Required action
Give the entries below again, word for word, and leave out the images.

(Raw data)

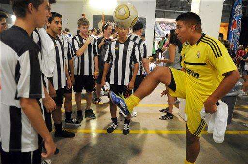 FILE- In this July 3, 2012, file photo, Jonah Valdez of Santa Clarita, Calif., shows off his skills during opening ceremonies of the American Youth Soccer Organization National Games in Knoxville, Tenn. The Fox network announced a five-year partnership Wednesday, March 11, 2015, with the American Youth Soccer Organization. "Fox Sports 1" will be added this string to the right chest of AYSO jerseys, which have had AYSO logos on the left chest for a half century. (AP Photo/Knoxville News Sentinel, Adam Brimer, File) The Associated Press
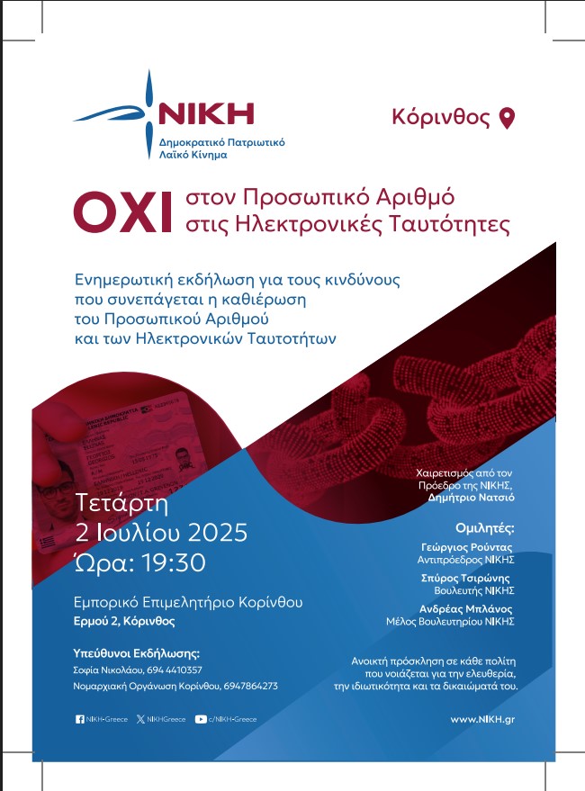 Ενημερωτική εκδήλωση της Νομαρχιακής Οργάνωσης Κορίνθου του Δημοκρατικού Πατριωτικού Λαϊκού Κόμματος ΝΙΚΗ για τους κινδύνους που συνεπάγεται η καθιέρωση του Προσωπικού Αριθμού και των Ηλεκτρονικών Ταυτοτήτων.
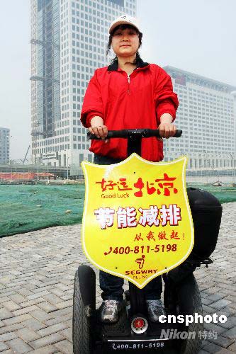 4月16日,北京一名奧運“鳥巢”的志愿者首次騎上奧運代步車進行服務(wù)。據(jù)介紹,北京奧運會賽時將有數(shù)十輛兩輪代步車被應(yīng)用到競賽及非競賽場館內(nèi)。其中,志愿者、安保以及維護人員進行巡視都將用到這種車。作者: 鄭雄增
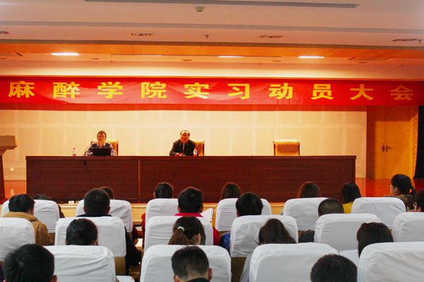 顺利做好2011级麻醉学专业223名员工实习下点前的各项教育和布置工作,11月21日晚,122cc太阳成集团在图书馆三楼学术报告厅召开实习生动员大会。公司党总支书记傅万山、2011级辅导员包鹏举及全体2011级同学参加,会议由包鹏举主持。
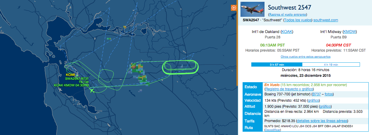 Hoy porla tarde, el vuelo de Southwest que cubre la ruta de Oakland a Chicago Midway, tuvo que dar vueltas en círculos en la bahía para quemar combustible tras la detección de fallas en uno de los trenes de aterrizaje.
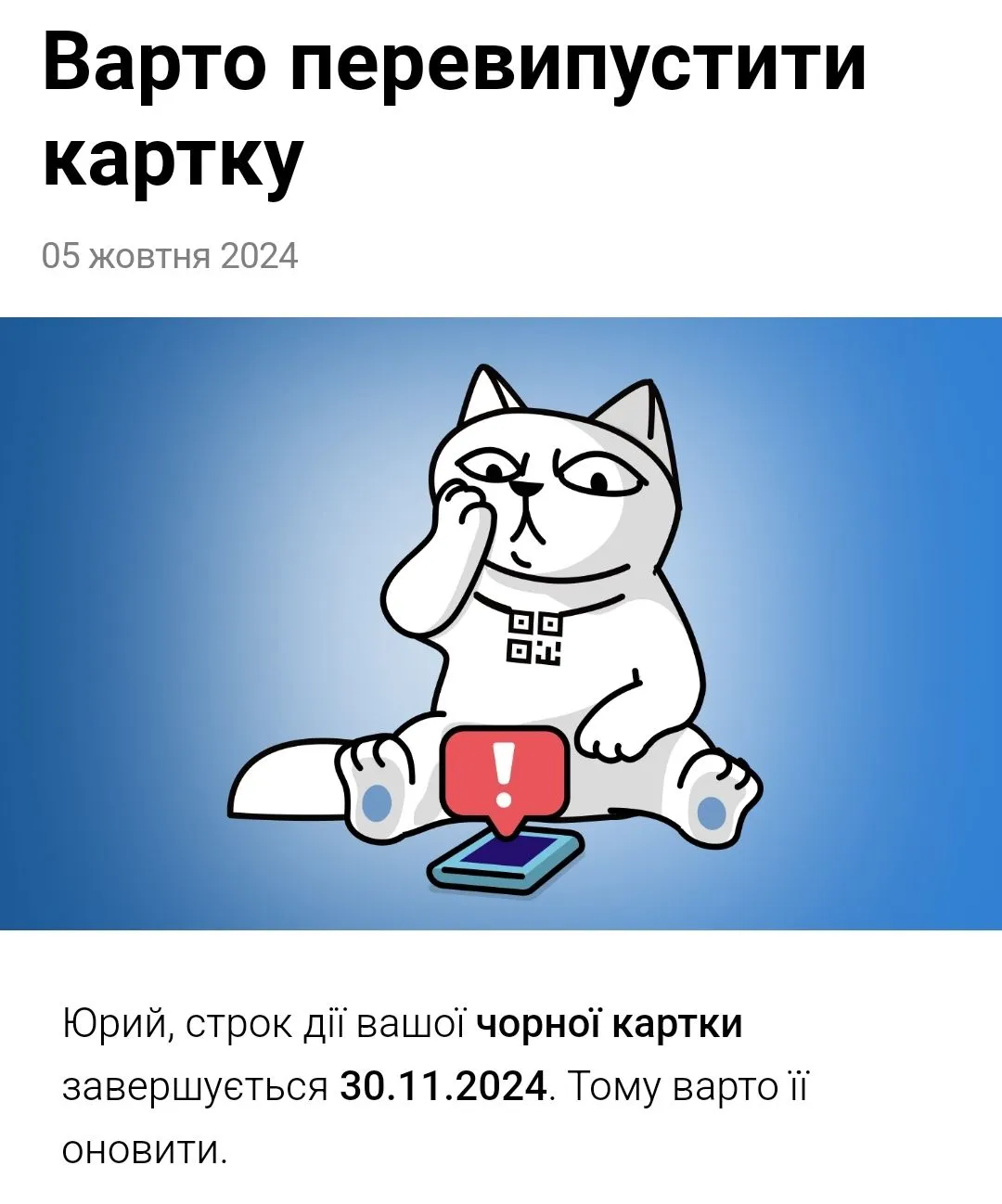 Заканчивается срок действия карты. Настойчиво предлагают обновить.
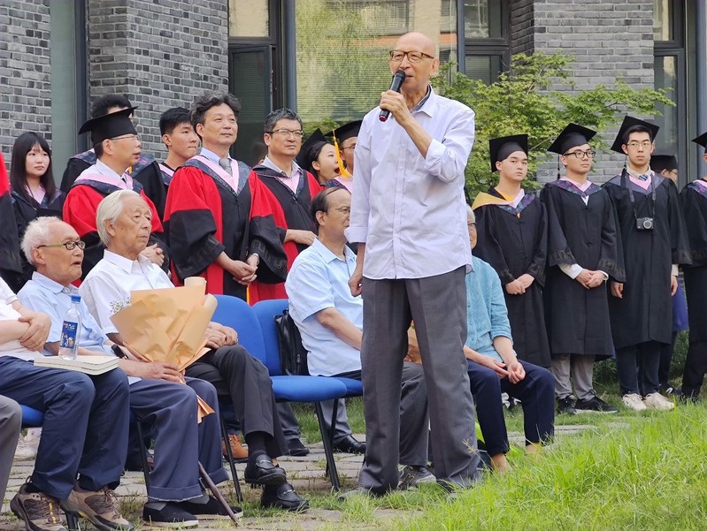 时值建党百年,学院特别有请张宪文、曹廷清、卢明华三位光荣在党五十年的教师代表为毕业班同学发表寄语。教授们分别致辞,祝愿毕业生们毕业之后能在岗位上尽自己最大努力、做出贡献、实现人生价值。生在这个时代,大家都是非常幸运的,因此更要珍惜机会,主动担当责任。
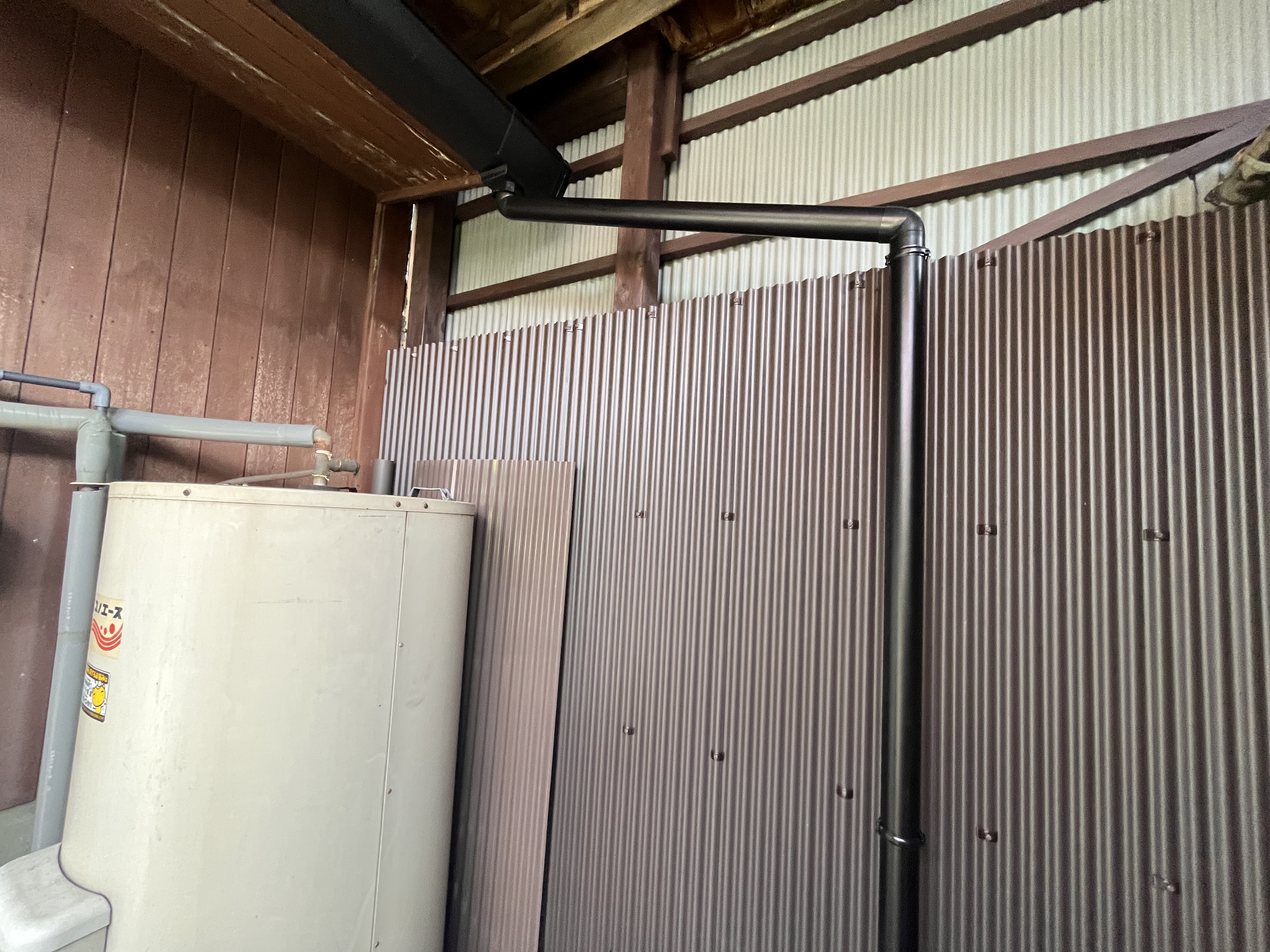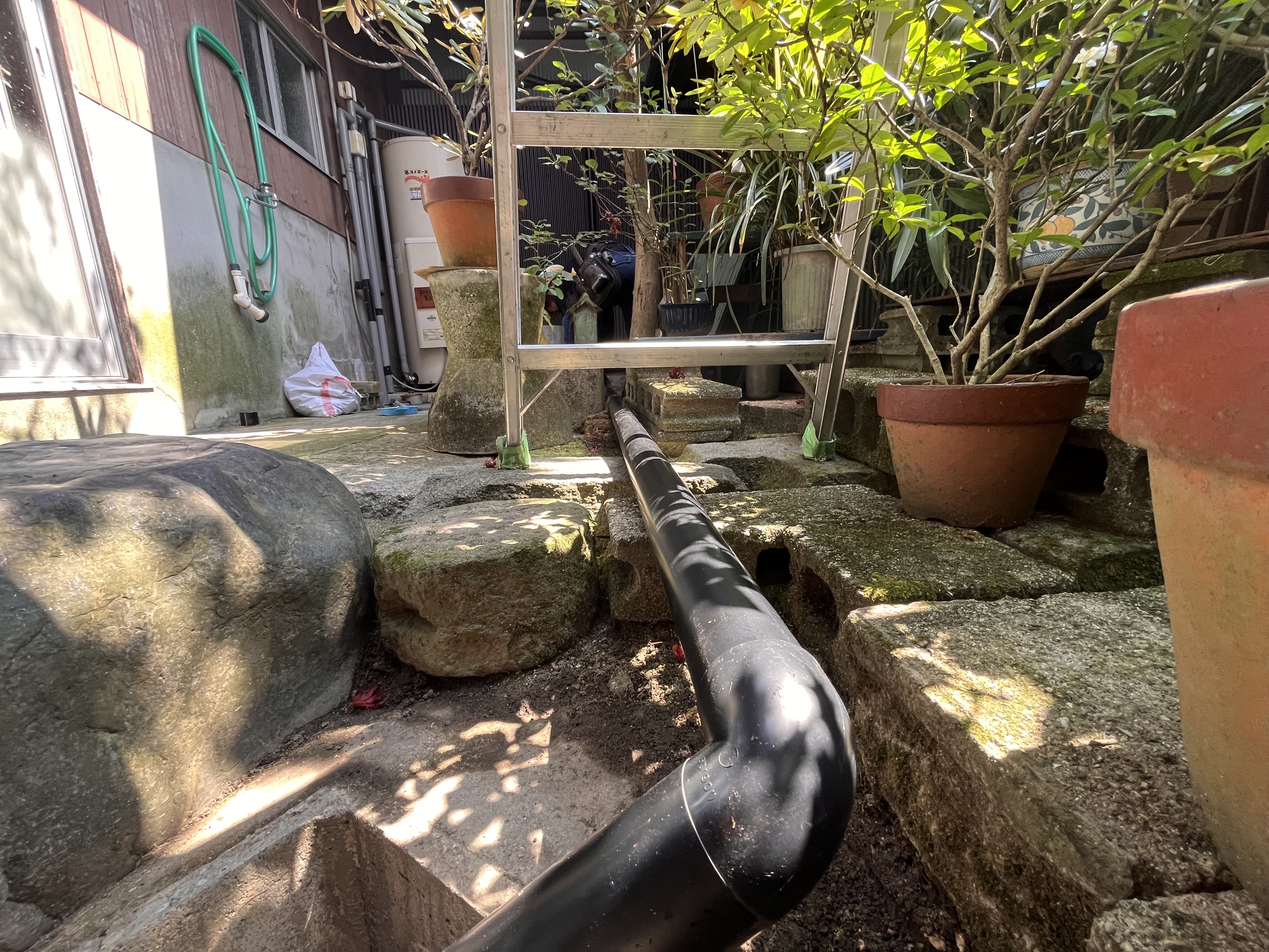 今回は地中の排水管を改修せず、竪樋を別の雨水枡に延長する方法で施工しました。
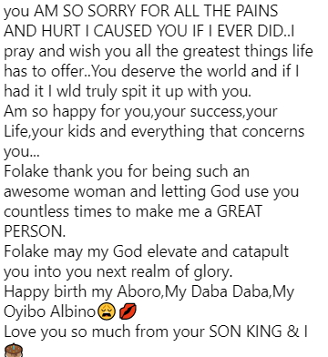 The single mother of one took to her Instagram page on Wednesday to openly apologise to Folake Majekodunmi, the CEO of House of Maflax who celebrated her birthday yesterday.
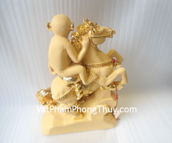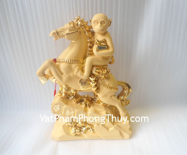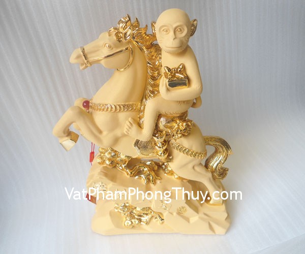 + Chất liệu và hoàn thiện : Khỉ (tuổi Thân) trên lưng ngựa, ôm ấn vàng, mã thượng phong hầu bột đá (tại Việt Nam).
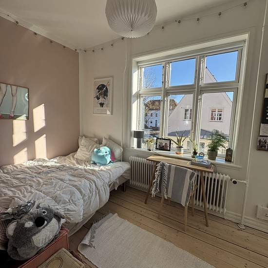 Welcome to an inviting 104 m2 apartment with a functional, everyday-friendly layout. The home appears bright and well maintained with continuous light plank floors, classic windows and a pleasant light throughout the day. The spacious living room is easy to arrange with both seating and dining areas, and large windows create a welcoming atmosphere. Double doors connect the living room to one of the rooms, which can advantageously be used as a bedroom, office or extra living space. In addition there are two further standard rooms – one with a...
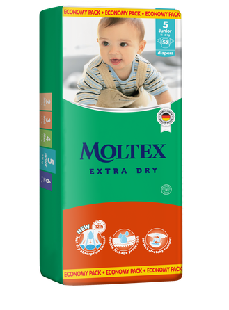 "Moltex Extra Dry" 5 JUNIOR yra specialiai sukurti kūdikiams, sveriantiems nuo 11 iki 16 kg.
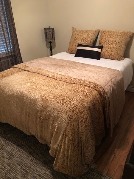 Full size Adjustable remote bed frame and mattress purchased from Rooms To Go. This has many functions with remote; yes it works; inclines, sits up, bends at the knees, vibrates at different levels and massages. Has been used in our guest room for several years, very clean, no pets in room. We are turning the room into an office. This is very heavy and sturdy. You will need help.

(End Raw data)

Written answer
 FILE- In this July 3, 2012, file photo, Jonah Valdez of Santa Clarita, Calif., shows off his skills during opening ceremonies of the American Youth Soccer Organization National Games in Knoxville, Tenn. The Fox network announced a five-year partnership Wednesday, March 11, 2015, with the American Youth Soccer Organization. "Fox Sports 1" will be added this string to the right chest of AYSO jerseys, which have had AYSO logos on the left chest for a half century. (AP Photo/Knoxville News Sentinel, Adam Brimer, File) The Associated Press
 Ενημερωτική εκδήλωση της Νομαρχιακής Οργάνωσης Κορίνθου του Δημοκρατικού Πατριωτικού Λαϊκού Κόμματος ΝΙΚΗ για τους κινδύνους που συνεπάγεται η καθιέρωση του Προσωπικού Αριθμού και των Ηλεκτρονικών Ταυτοτήτων.
 4月16日,北京一名奧運“鳥巢”的志愿者首次騎上奧運代步車進行服務(wù)。據(jù)介紹,北京奧運會賽時將有數(shù)十輛兩輪代步車被應(yīng)用到競賽及非競賽場館內(nèi)。其中,志愿者、安保以及維護人員進行巡視都將用到這種車。作者: 鄭雄增
 顺利做好2011级麻醉学专业223名员工实习下点前的各项教育和布置工作,11月21日晚,122cc太阳成集团在图书馆三楼学术报告厅召开实习生动员大会。公司党总支书记傅万山、2011级辅导员包鹏举及全体2011级同学参加,会议由包鹏举主持。
 Hoy porla tarde, el vuelo de Southwest que cubre la ruta de Oakland a Chicago Midway, tuvo que dar vueltas en círculos en la bahía para quemar combustible tras la detección de fallas en uno de los trenes de aterrizaje.
 Заканчивается срок действия карты. Настойчиво предлагают обновить.
 时值建党百年,学院特别有请张宪文、曹廷清、卢明华三位光荣在党五十年的教师代表为毕业班同学发表寄语。教授们分别致辞,祝愿毕业生们毕业之后能在岗位上尽自己最大努力、做出贡献、实现人生价值。生在这个时代,大家都是非常幸运的,因此更要珍惜机会,主动担当责任。
 今回は地中の排水管を改修せず、竪樋を別の雨水枡に延長する方法で施工しました。
 The single mother of one took to her Instagram page on Wednesday to openly apologise to Folake Majekodunmi, the CEO of House of Maflax who celebrated her birthday yesterday.
 + Chất liệu và hoàn thiện : Khỉ (tuổi Thân) trên lưng ngựa, ôm ấn vàng, mã thượng phong hầu bột đá (tại Việt Nam).
 Welcome to an inviting 104 m2 apartment with a functional, everyday-friendly layout. The home appears bright and well maintained with continuous light plank floors, classic windows and a pleasant light throughout the day. The spacious living room is easy to arrange with both seating and dining areas, and large windows create a welcoming atmosphere. Double doors connect the living room to one of the rooms, which can advantageously be used as a bedroom, office or extra living space. In addition there are two further standard rooms – one with a...
 "Moltex Extra Dry" 5 JUNIOR yra specialiai sukurti kūdikiams, sveriantiems nuo 11 iki 16 kg.
 Full size Adjustable remote bed frame and mattress purchased from Rooms To Go. This has many functions with remote; yes it works; inclines, sits up, bends at the knees, vibrates at different levels and massages. Has been used in our guest room for several years, very clean, no pets in room. We are turning the room into an office. This is very heavy and sturdy. You will need help.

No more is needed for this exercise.